Num segundo plano de questões, deparamo-nos com o confronto entre aquilo que é do domínio da representação, por contraste com outras formas de referência: entre abstracção e figuração; entre representação figurativa e diagramática; ou ainda entre a intencionalidade ou a indeterminação na figuração. Finalmente, podemos ainda enumerar características que usualmente são convocadas a propósito do desenho: as questões de ordem técnica e de médium que usualmente a definem enquanto disciplina (tipicamente, são “trabalhos sobre papel”, mas não necessariamente); o carácter processual (se é um estudo, um croqui ou um trabalho acabado); ou a sua natureza intrínseca de manualidade, de grafia, que implicam um compromisso entre uma certa gestualidade e a forma de produção de marcas, conferindo-lhe um cunho autográfico ou qualquer coisa ao nível de uma certa “estilografia”.

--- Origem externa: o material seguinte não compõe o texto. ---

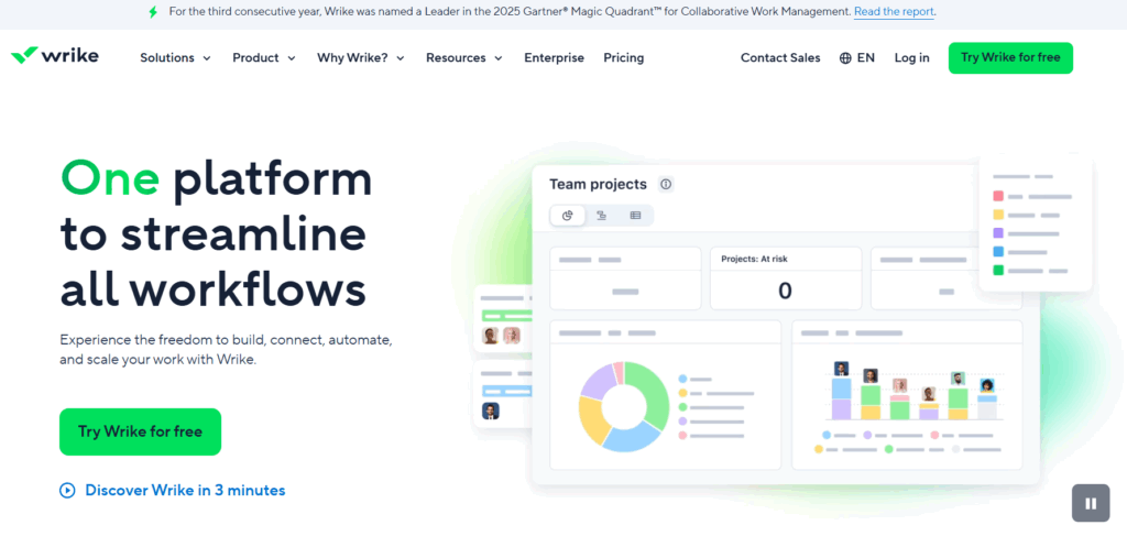 | Wrike | Enterprise teams with complex dependencies | Yes | $10 per user/mo |

Comecemos por advertir que, apesar deste já longo preâmbulo, não nos vamos ocupar com o problema concreto da definição do desenho. Simplesmente, consideremos o desenho como algo pertencente ao mesmo grupo de coisas que usualmente classificamos sob a designação genérica de imagem.

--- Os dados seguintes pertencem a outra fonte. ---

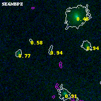Black segments are analyzed here. Roll mouse over color images to view segments. Best viewed in a wide browser window (1200 pixels or more). Download SED & P(z) plots to view larger versions.
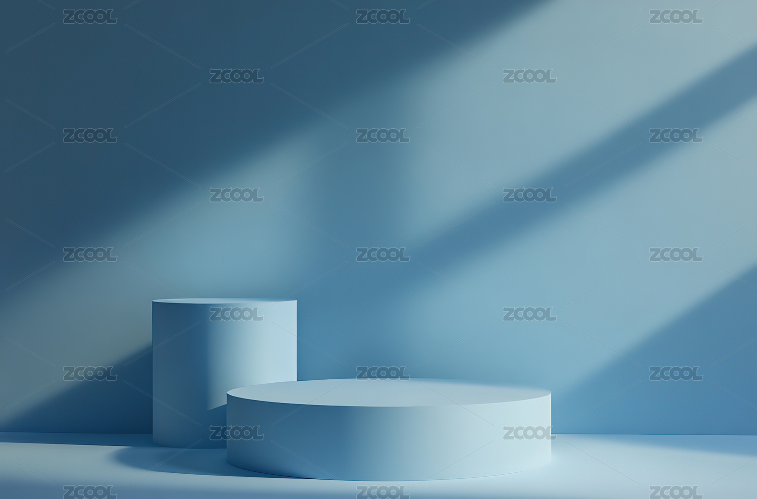 蓝色墙壁上的空地板
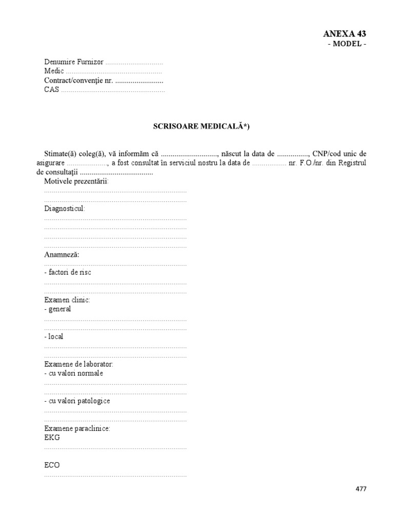 Scrisoare medicala anexa 43 model nou. Obţinerea adeverinţei de asigurat. J40 21864 1994 c u i. Important e că s a schimbat şi asta i suficient ca să tulbure apele deloc limpezi. 479 s a eliberat concediu medical la externare consultaţia din ambulatoriu caz în care se va înscrie seria şi numărul acestuia nu s a eliberat concediu medical la externare deoarece nu a fost necesar.

Usaremos “imagem” como termo neutro para classificar qualquer artefacto visual com propriedades pictóricas, gráficas ou icónicas produzido ou agenciado pelo homem, nele se incluindo objectos como pinturas, desenhos, gravuras, fotografias, fotogramas, mapas, ecografias, etc., independentemente do seu

35 médium, suporte ou do modo de produção e difusão. Assim, as imagens são coisas físicas concretas, produzidas artificialmente para funcionar enquanto objectos de representação, expressão, comunicação, informação, etc., distinguindo-se de outras categorias normalmente associadas ao termo como “imagem mental”, “imagem perceptiva”, “imagem retiniana”, ou imagem enquanto sinónimo de aparência, ilusão, semelhança ou mesmo ideia.

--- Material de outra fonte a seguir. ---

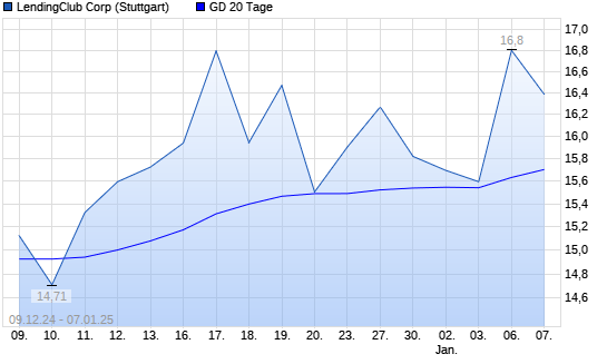 Mit dem Anstieg auf 17,23 EUR hat die LendingClub Corp-Aktie am 06.01.2025 die 20-Tage-Linie nach oben gekreuzt.

As imagens podem assumir diversas naturezas ou características: figurativas, abstractas, pictóricas, gráficas, fotográficas, diagramáticas, de produção manual ou mecânica, de uma só instância singular ou de reprodução múltipla, fixas ou em movimento. Restringiremos igualmente o seu uso ao domínio das imagens de natureza bidimensional, evitando agrupá-las com referências a imagens de outros domínios que convoquem a visualidade como a escultura, a arquitectura ou as artes do palco. Por último, convém distinguir um uso mais específico que a teoria óptica (e, por extensão, a geometria com a teoria da perspectiva e das sombras) dá ao termo “imagem”. Assim, sempre que nos referirmos a “projecções ópticas”, ou a “imagens projectadas”, ou a “imagens reais (projectadas)”, estamos a falar de fenómenos visuais (naturais ou produzidos) que podem servir de referência, de modelo, de objecto de representação ou inspiração, mas que se distinguem das imagens no sentido estrito que aqui lhes atribuímos, i.e., pinturas, desenhos, etc. Procuraremos ter sempre o cuidado de explicitar os dois usos distintos do termo.